An SVM classifier was used by Lee and Kim [33] to detect suspicious URLs in tweets. Their system makes use of correlated URL redirect chains extracted from tweets. URLs in social media have also been used in the behaviour-based spam detection system proposed in [37]. More precisely, the behavioural signals were obtained from both the URL sender and receiver. In other words, a high accuracy was achieved without using other tweets’ attributes such as those based on message content.

In addition to spam messages detection, recent studies have also considered an alternative task of social spammer (profile) detection. A Naïve Bayes classifier was proposed in [23] to detect spammers in Twitter. In [54], the so-called “social bridges” were identified to detect spammers in Twitter. These are reported as the major supporters of malicious users and a graph-topology-based classifier was used to detect such bridge linkages. A hybrid approach for identifying spam profiles was proposed in [49], combining social media analytics and firefly algorithm with chaotic maps for spam detection in Twitter marketing. A large Twitter dataset was used in [5] to demonstrate that feature distributions between spammers and legitimate users are different. These feature distributions were used in a social spammer detection framework that integrated this information with a social regularization term incorporate into a classification model. Another way to tackle the issue of detecting spammers in Twitter was described in [50]. A multilayer social network was defined, and the identification of spammers was based on the existence of overlapping community-based features of users represented in the form of Hypergraphs, such as structural behaviour and URL characteristics. A unified approach was proposed in [40], utilizing the fact that social spammers tend to post more spam messages. Indeed, it was shown that combining social spammer filtering with spam message filtering improves the performance of both tasks.

Although Twitter represents the most frequently used source of data, alternative social networks have also been examined. For example, data from Sina Weibo were used to study features related to message content and user behaviour in [20, 40]. The most important features were then used in the SVM classifier for spam detection. Extreme learning machines were used by [41] on a similar dataset. A semi-supervised social media spammer filtering approach was developed in [46]. This approach outperformed traditional supervised classifiers for the spammer detection task. Similar results were obtained for spam message detection in Hyves social network [30]. Using the same dataset, significant improvements were achieved by combining data oversampling with RDNNs [53].

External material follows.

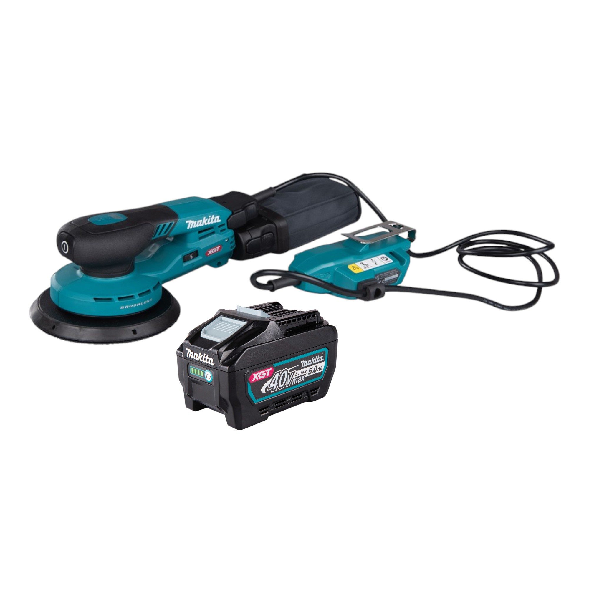 Der Makita BO002CG ist ein äußerst handlicher und leichter Exzenterschleifer, der sowohl mit einem 40V max. Akku als auch über einen PDC-Connector-Akku betrieben werden kann. Durch den separat über ein Adapterkabel angeschlossenen Akku, der beispielsweise am Gürtel getragen werden kann, bleibt das Gerät besonders leicht und handlich. Dies erleichtert die Handhabung erheblich. Eine hervorragende Staubabsaugung wird durch die Grundplatte ermöglicht, die den Staub direkt in die integrierte Staubbox oder über eine externe Absaugung befördert, wobei letztere über das Auto-Start Wireless System (AWS) mit Bluetooth mit einem Staubsauger verbunden werden kann. Der bürstenlose Motor des Schleifers ist wartungsfrei und zeichnet sich durch seine Langlebigkeit aus. Zudem sorgt die Konstantelektronik für eine gleichbleibende Drehzahl, die ein gleichmäßiges Schleifergebnis über verschiedene Materialien hinweg gewährleistet. Die regelbare Dreh- und Exzenterbewegung trägt zusätzlich dazu bei, perfekte Ergebnisse zu erzielen.

In recent years, there has been an increasing interest in dimensionality reduction techniques with the aim of improving the prediction performance and stability of social network spam filters [16]. Several researchers employed feature selection and extraction methodologies to identify the most important features for social network spam filtering. The concept of rough set theory was applied in [8], concluding that the used methodology selected a smaller subset of features than those of the baseline methodologies (information gain, consistency subset evaluation, correlation-based feature selection (CBF), community detection and χ2 evaluation). By considering important features of the posts and their corresponding comments, and finally applying the feature selection techniques, the method proposed in [52] selected the most effective features to detect spam using machine learning techniques. A probabilistic generative model (latent Dirichlet allocation) was proposed in [42] to detect the latent semantics from user-generated comments. Incremental learning was then used to address the issue of the changing feature space. Three traditional feature selection methods were used in [16], including information gain, Gini index and mean decrease accuracy. The latter measures attribute importance based on the accuracy of the RF classifier. Evolutionary search algorithm was used in combination with χ2 evaluation criterion by [44] to identify the reduced set of attributes for spam filtering in Twitter microblogging social network. Even better accuracy than the previously mentioned filter-based methods can be achieved using wrapper-based feature selection [48]. However, this approach is reportedly computationally intensive because the classifier must be trained on each feature subset. The main limitation of the wrapper-based approach proposed in [48] is the use of classification accuracy as the evaluation measure due to its unsuitability for different misclassification cost of spam and legitimate classes.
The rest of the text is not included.